Nobody cares if you're a professional vibe coder all of a sudden, if you can't code without copilot maybe you shouldn't have an opinion based on Apple's "research".

But until then, are Palantir's AIs fundamentally incapable of reasoning? Yes or no? None of you anti-AI warriors are clear, should we not worry about corporate AI surveillance because apparently AI isn't really "I" or not? Simple question, but maybe ask copilot for help. But you seem bugged when it comes to corporate propaganda contradictions, it's really interesting.

[–] DoPeopleLookHere@sh.itjust.works 0 points 3 months ago (1 children)

Buddy I don't know who fucked your mom or pissed in your corn flakes. But it wasn't me.

All you've done is lay accusations to my character to me, while doing nothing of value.

Have the day you deserve

[–] pinkapple@lemmy.ml 1 points 3 months ago* (last edited 3 months ago)

Stay mad b1tch.

[–] FourWaveforms@lemm.ee -3 points 3 months ago (1 children)

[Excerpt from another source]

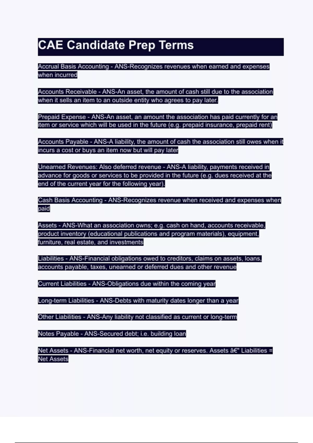 Assets - ANS-What an association owns; e.g. cash on hand, accounts receivable,

It's already capable of doing a lot, and there is reason to expect it will get better over time. If we stick our fingers in our ears and pretend that's not possible, we will not be prepared.

[–] DoPeopleLookHere@sh.itjust.works 0 points 3 months ago* (last edited 3 months ago) (1 children)

If you read, it's capable of very little under the surface of what it is.

Show me one that is well studied, like clinical trial levels, then we'll talk.

We're decades away at this point.

My overall point of it's just as meaningless to talk about now as it was in the 90s. Because we can't convince of what a functioning product will be, never mind it's context I'm a greater society. When we have it, we can discuss it then as we have something tangible to discuss. But where we'll be in decades is hard to regulate now.

[–] Zexks@lemmy.world 1 points 3 months ago (1 children)

Alpha Fold. We're not decades away. We're years at worst.

[–] DoPeopleLookHere@sh.itjust.works 1 points 3 months ago* (last edited 3 months ago)

If you assume the unlimited power needed right now to power Aloha fold at scale of all human education.

We have at best proof of concepts that computers can talk. But LLMs don't have any way of actually knowing anything behind them. That's kinda the problem.

And it's not a "we'll figure out the one trick" but more fundamentally how it works doesn't allow for that to happen.